What you are asked to do >> A faithful copy of the data is the goal; set it down exactly, without the images.

Data >>
= Beginning of Section =
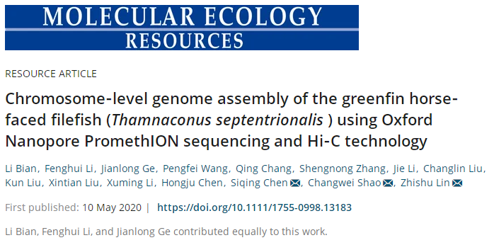 2020年5月,中國(guó)水產(chǎn)科學(xué)研究院黃海水產(chǎn)研究所陳四清研究員團(tuán)隊(duì)與北京百邁客生物科技有限公司合作完成了超高質(zhì)量的綠鰭?cǎi)R面鲀基因組,相關(guān)研究成果發(fā)表在知名期刊Molecular Ecology Resources上。本次研究基于納米孔測(cè)序技術(shù)(Nanopore)和染色體構(gòu)象捕獲技術(shù)(Hi-C)完成的基因組僅包含242個(gè)Contigs,Contig N50高達(dá)22.46 Mb,并將99.44%序列掛載到20條染色體上,實(shí)現(xiàn)了海洋魚類基因組組裝質(zhì)量質(zhì)的飛躍。
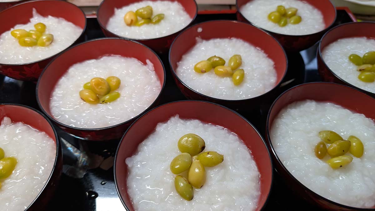 今日の定例坐禅会では、境内のイチョウから採れた銀杏をお粥に乗せていただきました。
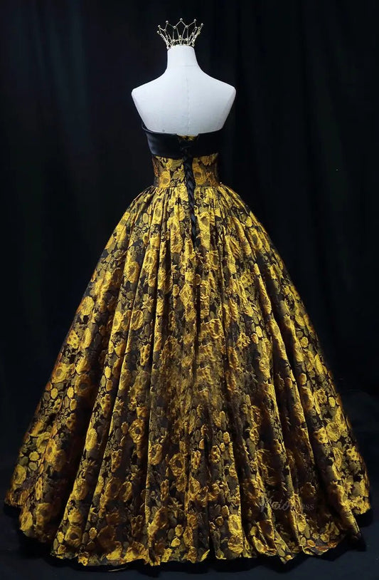 Yellow Jacquard Floral Prom Dresses Strapless Quinceanera Dresses SU079
= End of Section =
Solution to this problem >>
 2020年5月,中國(guó)水產(chǎn)科學(xué)研究院黃海水產(chǎn)研究所陳四清研究員團(tuán)隊(duì)與北京百邁客生物科技有限公司合作完成了超高質(zhì)量的綠鰭?cǎi)R面鲀基因組,相關(guān)研究成果發(fā)表在知名期刊Molecular Ecology Resources上。本次研究基于納米孔測(cè)序技術(shù)(Nanopore)和染色體構(gòu)象捕獲技術(shù)(Hi-C)完成的基因組僅包含242個(gè)Contigs,Contig N50高達(dá)22.46 Mb,并將99.44%序列掛載到20條染色體上,實(shí)現(xiàn)了海洋魚類基因組組裝質(zhì)量質(zhì)的飛躍。
 今日の定例坐禅会では、境内のイチョウから採れた銀杏をお粥に乗せていただきました。
 Yellow Jacquard Floral Prom Dresses Strapless Quinceanera Dresses SU079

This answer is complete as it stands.